Bamlanivimab is being studied in a number of additional ongoing trials

Eli Lilly has cut short a clinical trial of its antibody treatment bamlanivimab in hospitalised COVID-19 patients after reviewing an updated dataset.

Yesterday, Lilly released a statement saying that no additional COVID-19 patients in the hospitalised setting will receive bamlanivimab, based on trial data suggesting that the antibody Is ‘unlikely’ to help this group of patients recover.

Lilly initially paused the US National Institute of Allergy and Infectious Diseases (NIAID) partnered study earlier this month.

According to Reuters, a US National Institutes of Health (NIH) spokeswoman said the trial in question was paused when the independent data and safety monitoring board (DSMB) found that the antibody-treated group showed a different ‘clinical status’ after five days of treatment compared to the placebo arm.

In a statement regarding the original trial pause, Lilly said that the participants in the ACTIV-3 study had been infected with the novel coronavirus for a longer period of time, meaning they could have more severe symptoms when compared to patients in other trials investigating bamlanivimab.

This could result in the neutralising antibody having less benefit in hospitalised COVID-19 patients, Lilly added.

The pharma giant is investigating bamlanivimab on its own and in combination with other antibodies and antivirals across a number of additional settings, which have remained unaffected.

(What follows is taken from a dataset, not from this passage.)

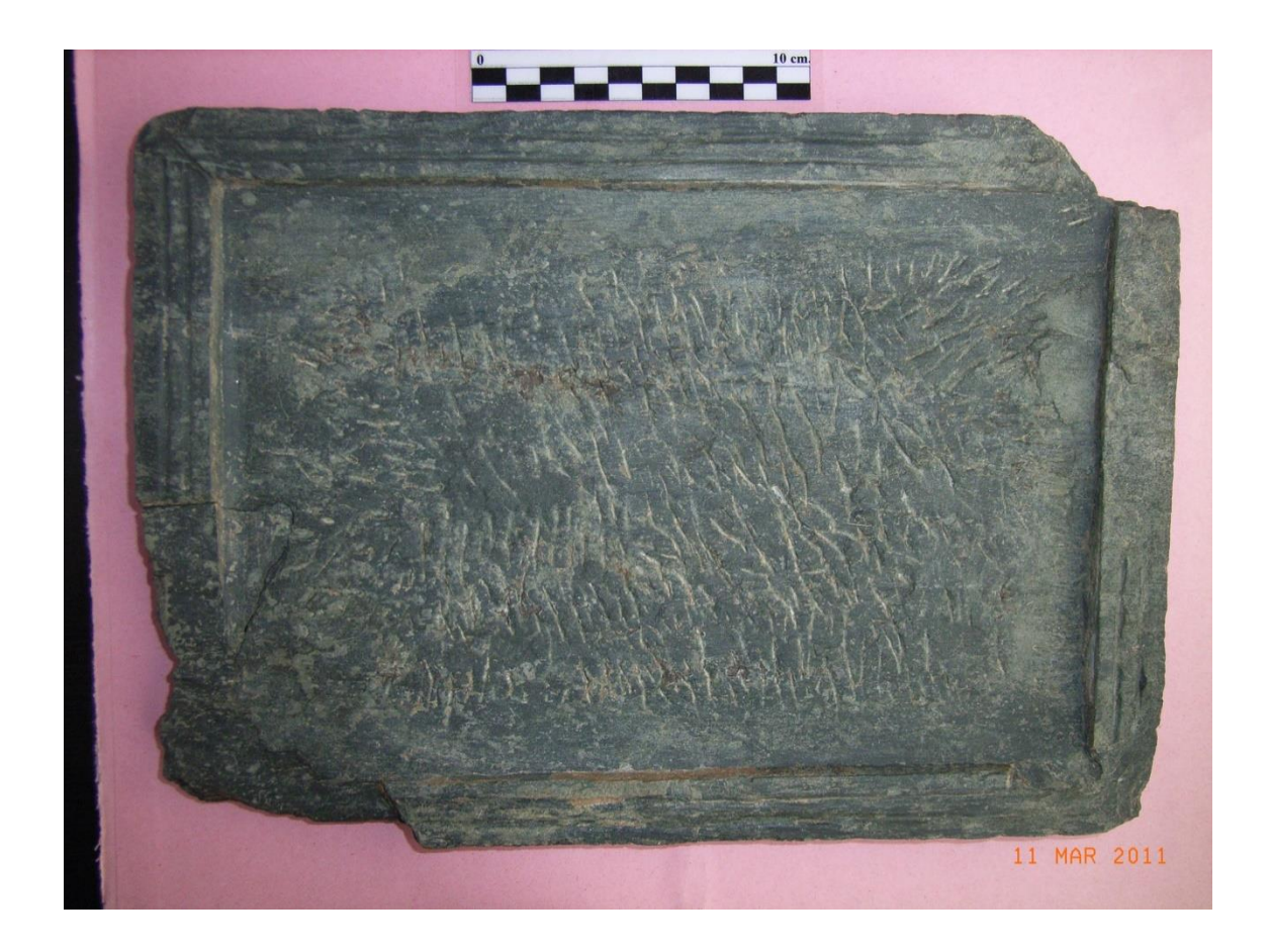
Fig. 3 The Antequera Slate plane photograph showing its dimension and signs incised on it.

It is presently exposed at the Antequera Municipal Museum (Antequera City Town Museum,), This museum is at the Najera Palace (Coso Viejo Sq), It also contains the famous and finest World statue of Roman style human in bronze: "The Antequera Efebus" (1st Century BC, found earthed by a peasant in Antequera surroundings in 20th century).

This includes an ongoing phase 2 study in people recently diagnosed with COVID-19 in the ambulatory setting, a phase 3 study for the prevention of COVID-19 in residents and staff at care homes and in recently diagnosed mild-to-moderate COVID-19 patients.

Lilly is also facing issues regarding safety concerns over a manufacturing plant based in New Jersey in the US, where the investigational antibody treatment is being manufactured.

Reuters previously reported that the US Food and Drug Administration (FDA) had discovered ‘serious quality control issues’ at the plant last year. Inspectors discovered last November that data had been deleted from previous manufacturing processes, which resulted in an ‘Official Action Indicated’ notice being issued.

Lilly has since confirmed that it had previously received the OAI notice, adding that the issues raised during the inspections have its ‘full attention’. It added that it has hired an independent consultant to review the systems at the plant in Branchburg, New Jersey.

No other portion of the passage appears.